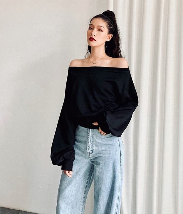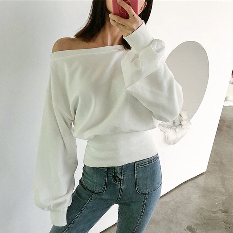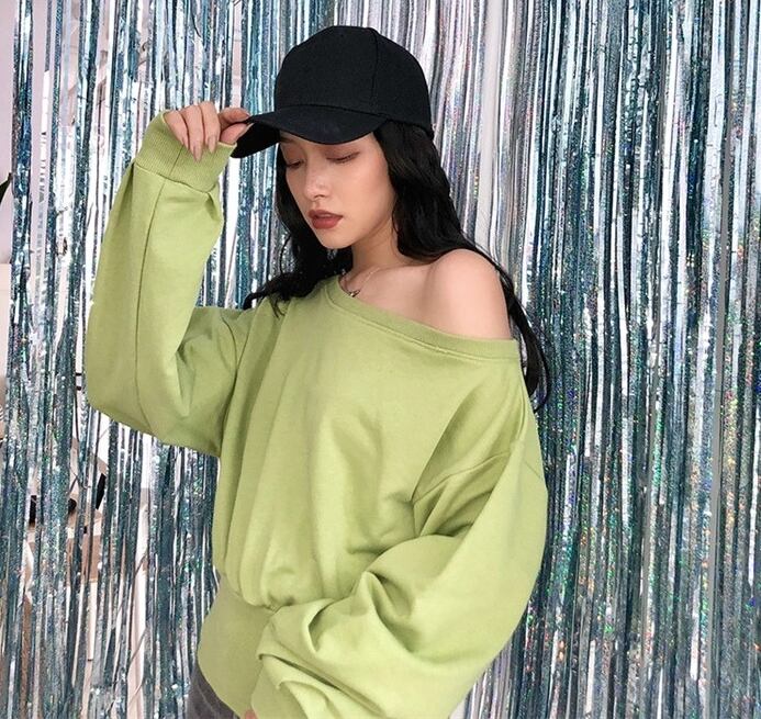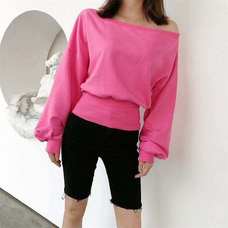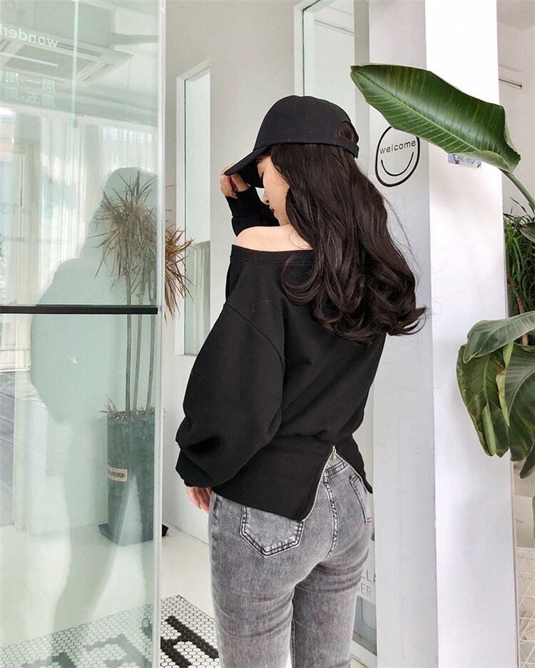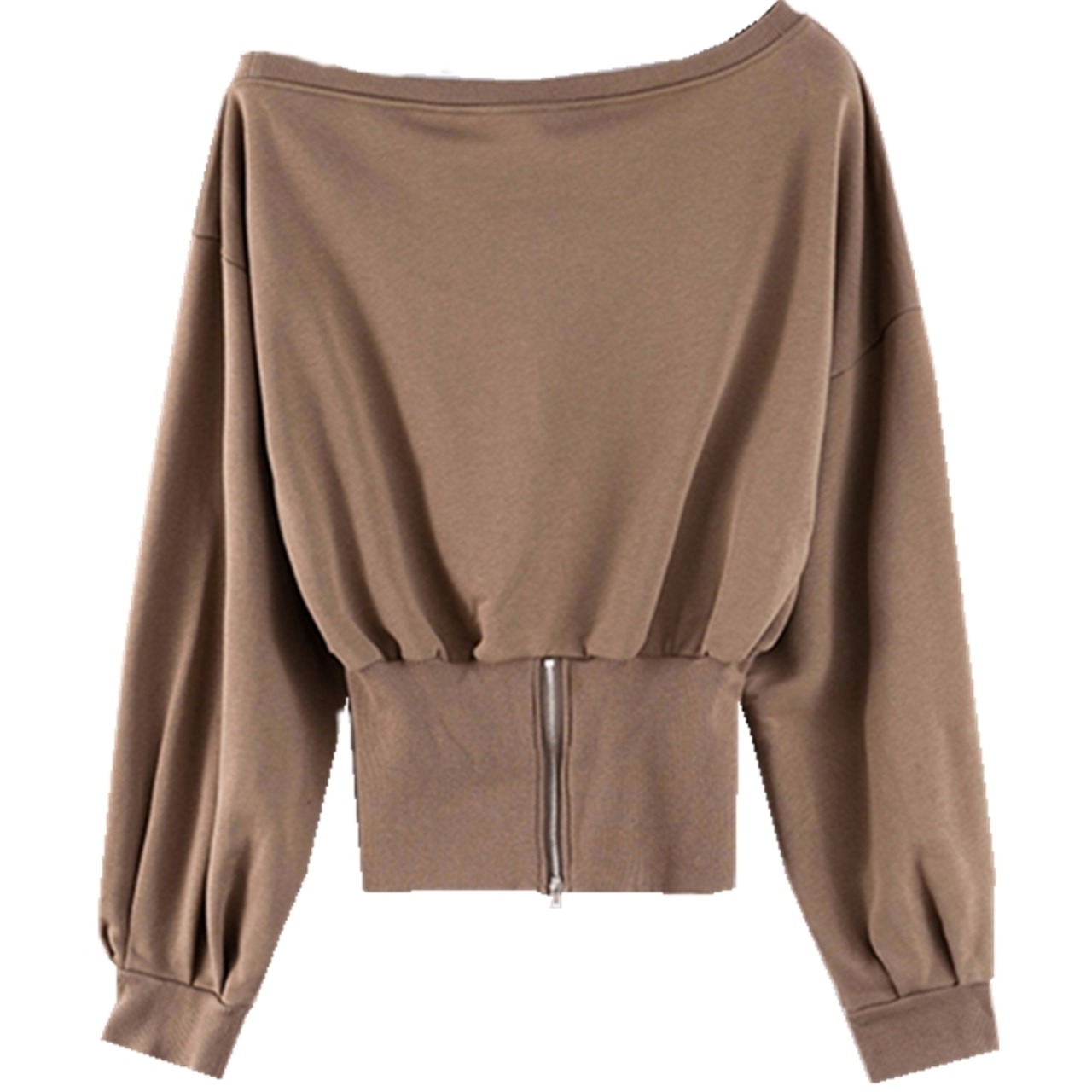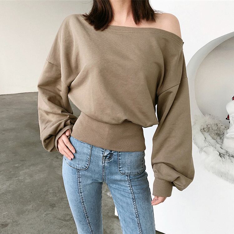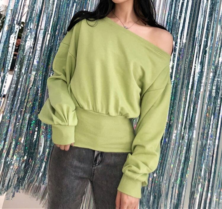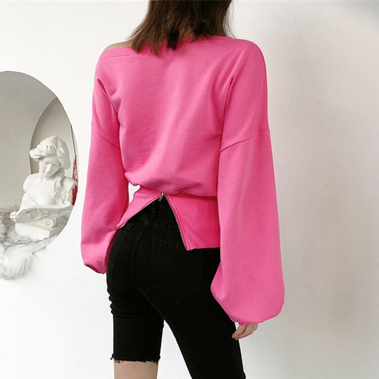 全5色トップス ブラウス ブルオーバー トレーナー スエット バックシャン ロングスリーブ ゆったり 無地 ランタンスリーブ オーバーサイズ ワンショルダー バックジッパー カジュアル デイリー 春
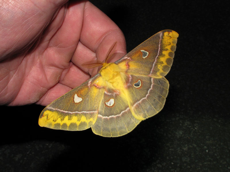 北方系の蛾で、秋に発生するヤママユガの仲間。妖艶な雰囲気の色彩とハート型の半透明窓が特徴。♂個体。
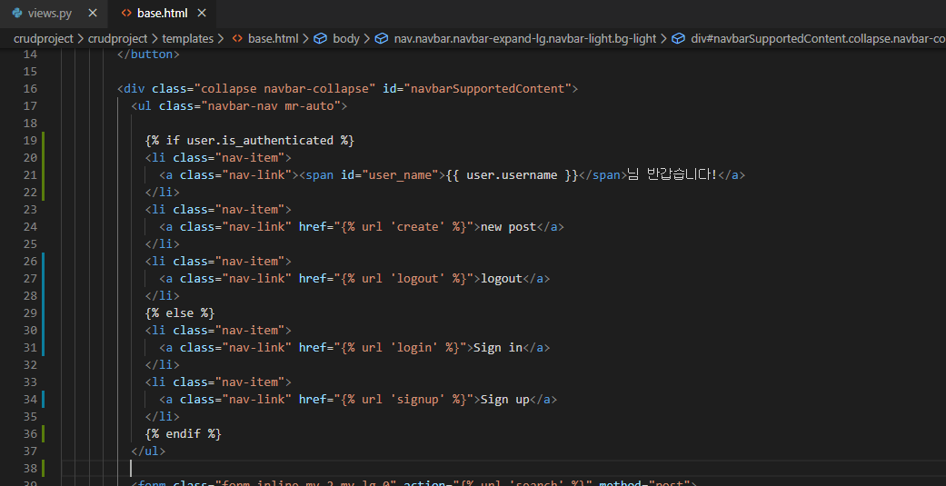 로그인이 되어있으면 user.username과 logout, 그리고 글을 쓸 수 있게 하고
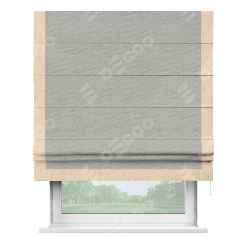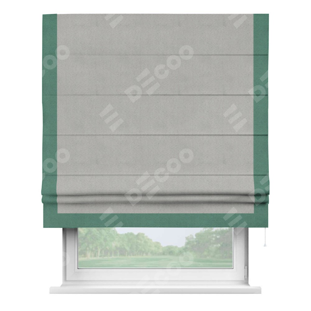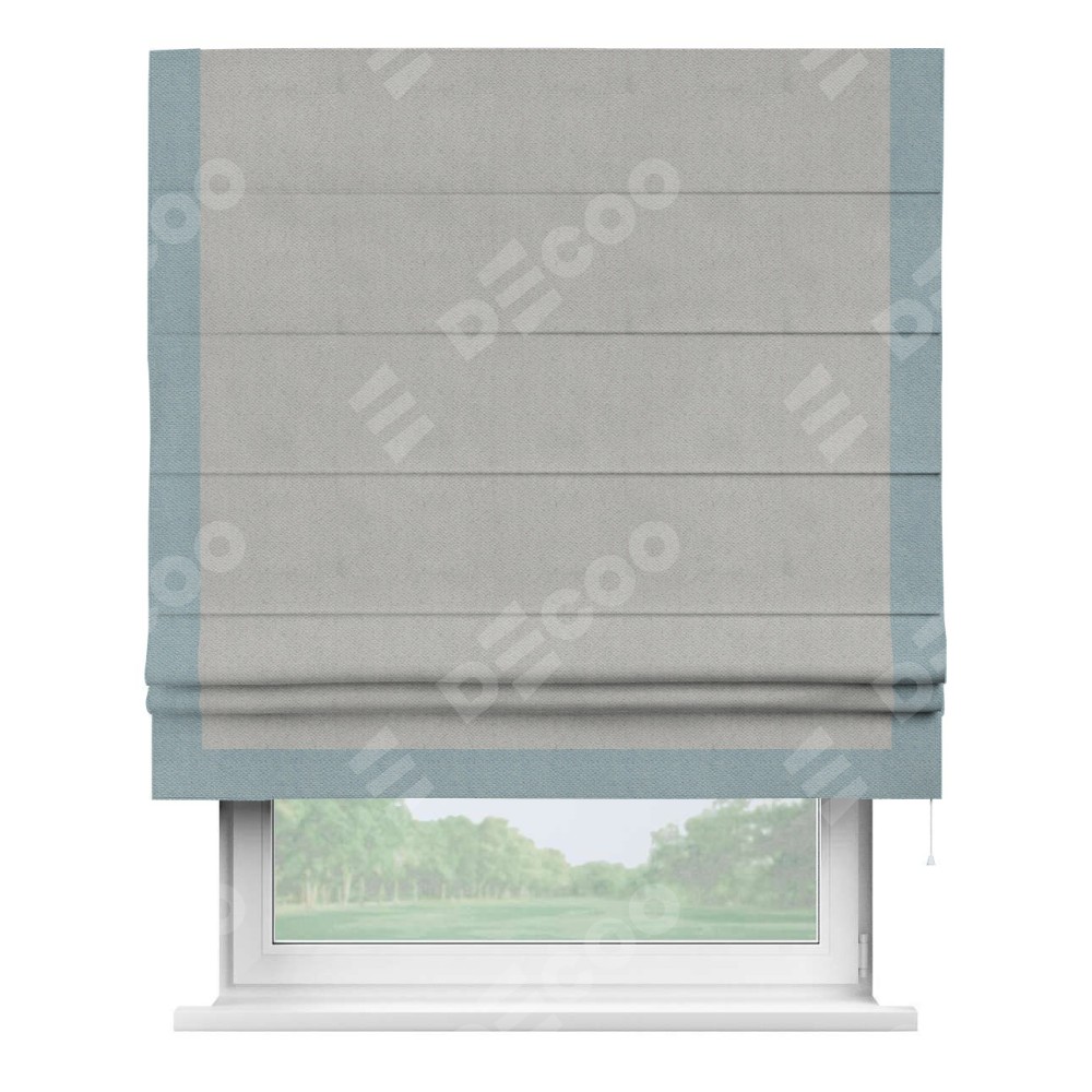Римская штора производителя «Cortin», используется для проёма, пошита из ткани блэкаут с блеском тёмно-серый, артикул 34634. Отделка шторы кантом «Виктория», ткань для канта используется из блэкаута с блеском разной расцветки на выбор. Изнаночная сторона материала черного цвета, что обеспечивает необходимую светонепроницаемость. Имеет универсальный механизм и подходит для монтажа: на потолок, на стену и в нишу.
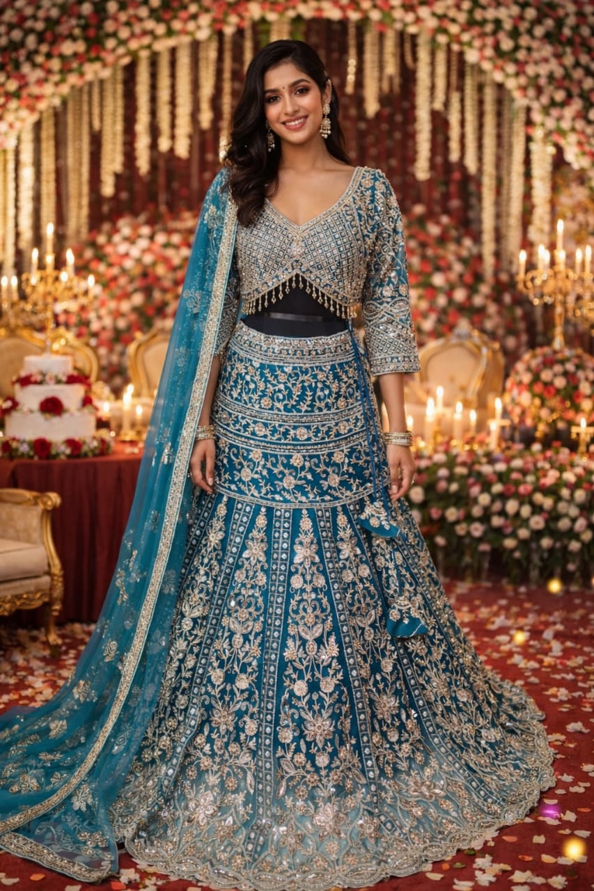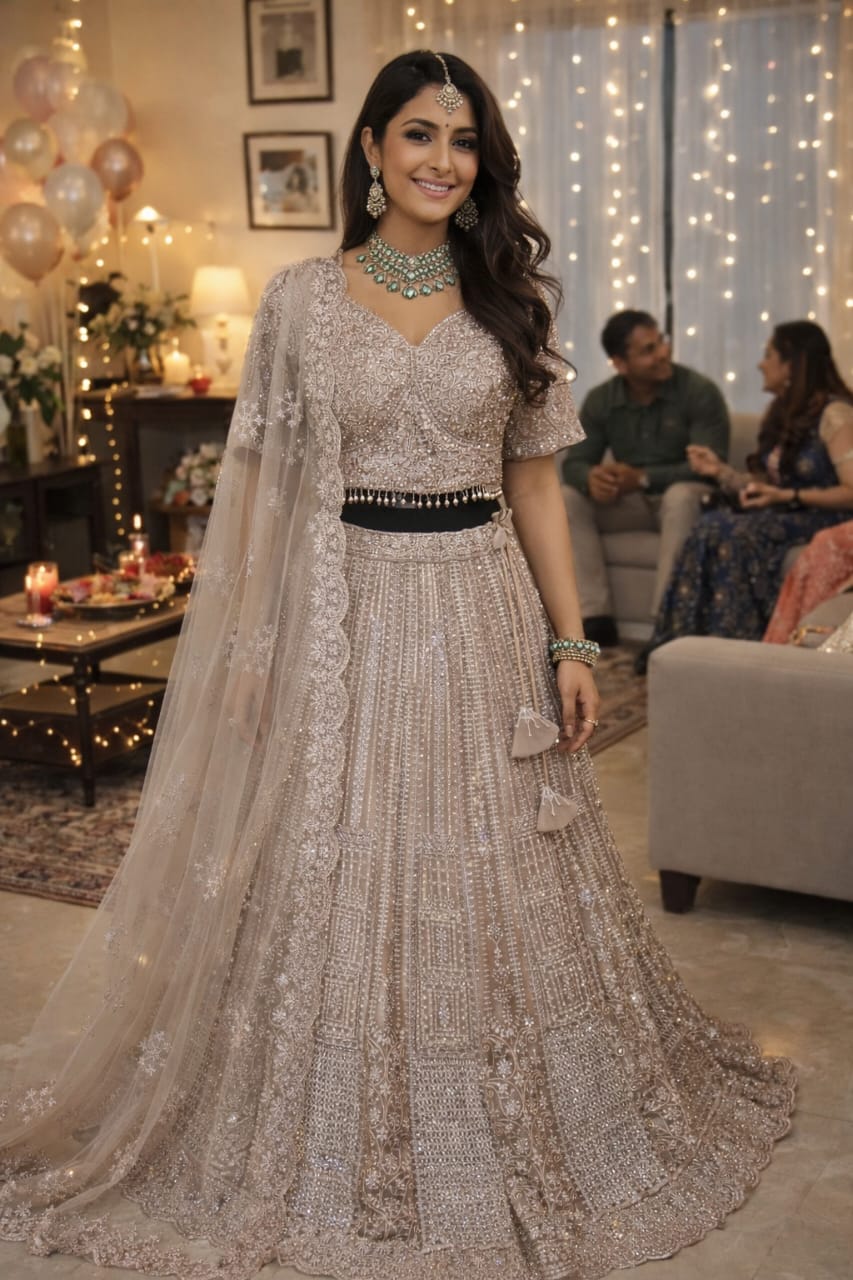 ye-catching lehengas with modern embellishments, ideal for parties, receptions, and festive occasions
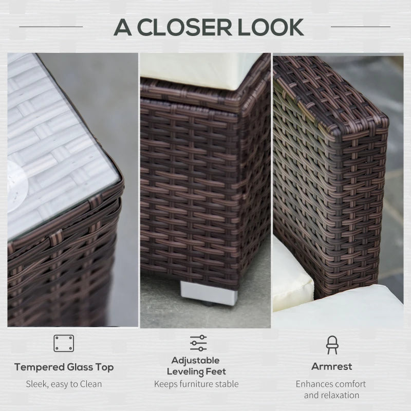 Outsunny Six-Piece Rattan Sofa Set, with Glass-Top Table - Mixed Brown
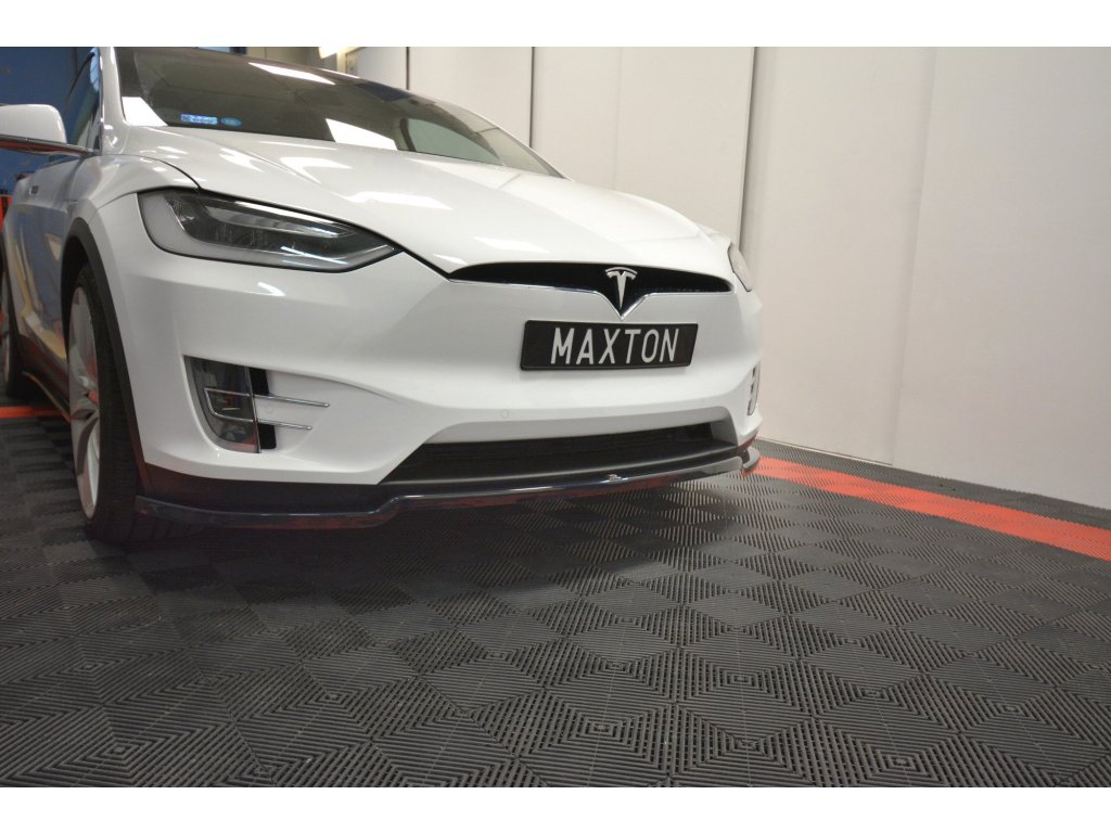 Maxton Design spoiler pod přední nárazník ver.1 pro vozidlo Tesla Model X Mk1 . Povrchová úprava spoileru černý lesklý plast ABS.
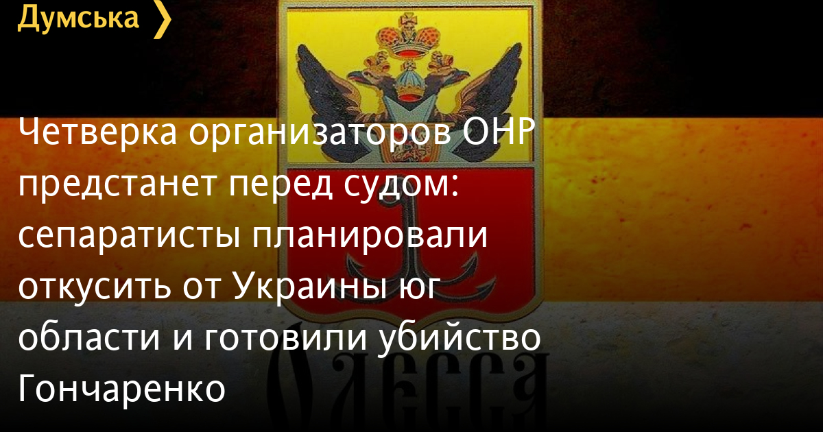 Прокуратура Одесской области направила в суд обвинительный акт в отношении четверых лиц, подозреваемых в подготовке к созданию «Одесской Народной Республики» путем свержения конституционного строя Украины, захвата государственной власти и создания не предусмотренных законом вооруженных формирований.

────────────────────────────────────────

*YOUR ASSIGNMENT*. Each line from the top of the material through the line containing "Outsunny Six-Piece Rattan" should be reproduced exactly; please drop any images.

*RESPONSE BOX*.
 全5色トップス ブラウス ブルオーバー トレーナー スエット バックシャン ロングスリーブ ゆったり 無地 ランタンスリーブ オーバーサイズ ワンショルダー バックジッパー カジュアル デイリー 春
 北方系の蛾で、秋に発生するヤママユガの仲間。妖艶な雰囲気の色彩とハート型の半透明窓が特徴。♂個体。
 로그인이 되어있으면 user.username과 logout, 그리고 글을 쓸 수 있게 하고
Римская штора производителя «Cortin», используется для проёма, пошита из ткани блэкаут с блеском тёмно-серый, артикул 34634. Отделка шторы кантом «Виктория», ткань для канта используется из блэкаута с блеском разной расцветки на выбор. Изнаночная сторона материала черного цвета, что обеспечивает необходимую светонепроницаемость. Имеет универсальный механизм и подходит для монтажа: на потолок, на стену и в нишу.
 ye-catching lehengas with modern embellishments, ideal for parties, receptions, and festive occasions
 Outsunny Six-Piece Rattan Sofa Set, with Glass-Top Table - Mixed Brown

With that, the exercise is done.